*Exercise brief*. Copy out each line of the material below with no changes.

*Data under study*.

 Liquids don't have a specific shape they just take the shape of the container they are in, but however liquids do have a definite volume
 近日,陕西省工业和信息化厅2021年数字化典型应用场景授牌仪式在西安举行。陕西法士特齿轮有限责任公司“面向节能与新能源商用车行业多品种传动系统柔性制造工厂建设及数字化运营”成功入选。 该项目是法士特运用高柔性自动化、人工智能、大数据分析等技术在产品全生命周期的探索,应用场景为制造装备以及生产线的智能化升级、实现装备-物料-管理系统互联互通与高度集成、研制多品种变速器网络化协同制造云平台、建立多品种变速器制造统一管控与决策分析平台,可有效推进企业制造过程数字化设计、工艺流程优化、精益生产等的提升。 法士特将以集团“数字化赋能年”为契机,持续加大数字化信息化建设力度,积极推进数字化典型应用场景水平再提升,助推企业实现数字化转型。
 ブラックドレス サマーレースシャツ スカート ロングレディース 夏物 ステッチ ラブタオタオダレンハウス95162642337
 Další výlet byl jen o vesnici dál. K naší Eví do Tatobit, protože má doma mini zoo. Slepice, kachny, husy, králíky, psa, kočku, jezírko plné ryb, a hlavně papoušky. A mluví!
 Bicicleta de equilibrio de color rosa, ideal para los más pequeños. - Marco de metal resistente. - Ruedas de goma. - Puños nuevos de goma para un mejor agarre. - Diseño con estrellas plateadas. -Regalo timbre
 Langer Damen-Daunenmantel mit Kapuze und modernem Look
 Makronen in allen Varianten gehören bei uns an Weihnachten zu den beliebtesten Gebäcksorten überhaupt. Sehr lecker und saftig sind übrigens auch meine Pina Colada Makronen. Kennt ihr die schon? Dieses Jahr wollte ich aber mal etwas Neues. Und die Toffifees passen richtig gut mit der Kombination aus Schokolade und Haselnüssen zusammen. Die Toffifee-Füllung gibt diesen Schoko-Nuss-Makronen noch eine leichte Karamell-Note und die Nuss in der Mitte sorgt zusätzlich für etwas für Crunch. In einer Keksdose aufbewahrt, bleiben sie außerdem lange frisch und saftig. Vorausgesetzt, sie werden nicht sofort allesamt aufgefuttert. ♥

*Written solution*.
 Liquids don't have a specific shape they just take the shape of the container they are in, but however liquids do have a definite volume
 近日,陕西省工业和信息化厅2021年数字化典型应用场景授牌仪式在西安举行。陕西法士特齿轮有限责任公司“面向节能与新能源商用车行业多品种传动系统柔性制造工厂建设及数字化运营”成功入选。 该项目是法士特运用高柔性自动化、人工智能、大数据分析等技术在产品全生命周期的探索,应用场景为制造装备以及生产线的智能化升级、实现装备-物料-管理系统互联互通与高度集成、研制多品种变速器网络化协同制造云平台、建立多品种变速器制造统一管控与决策分析平台,可有效推进企业制造过程数字化设计、工艺流程优化、精益生产等的提升。 法士特将以集团“数字化赋能年”为契机,持续加大数字化信息化建设力度,积极推进数字化典型应用场景水平再提升,助推企业实现数字化转型。
 ブラックドレス サマーレースシャツ スカート ロングレディース 夏物 ステッチ ラブタオタオダレンハウス95162642337
 Další výlet byl jen o vesnici dál. K naší Eví do Tatobit, protože má doma mini zoo. Slepice, kachny, husy, králíky, psa, kočku, jezírko plné ryb, a hlavně papoušky. A mluví!
 Bicicleta de equilibrio de color rosa, ideal para los más pequeños. - Marco de metal resistente. - Ruedas de goma. - Puños nuevos de goma para un mejor agarre. - Diseño con estrellas plateadas. -Regalo timbre
 Langer Damen-Daunenmantel mit Kapuze und modernem Look
 Makronen in allen Varianten gehören bei uns an Weihnachten zu den beliebtesten Gebäcksorten überhaupt. Sehr lecker und saftig sind übrigens auch meine Pina Colada Makronen. Kennt ihr die schon? Dieses Jahr wollte ich aber mal etwas Neues. Und die Toffifees passen richtig gut mit der Kombination aus Schokolade und Haselnüssen zusammen. Die Toffifee-Füllung gibt diesen Schoko-Nuss-Makronen noch eine leichte Karamell-Note und die Nuss in der Mitte sorgt zusätzlich für etwas für Crunch. In einer Keksdose aufbewahrt, bleiben sie außerdem lange frisch und saftig. Vorausgesetzt, sie werden nicht sofort allesamt aufgefuttert. ♥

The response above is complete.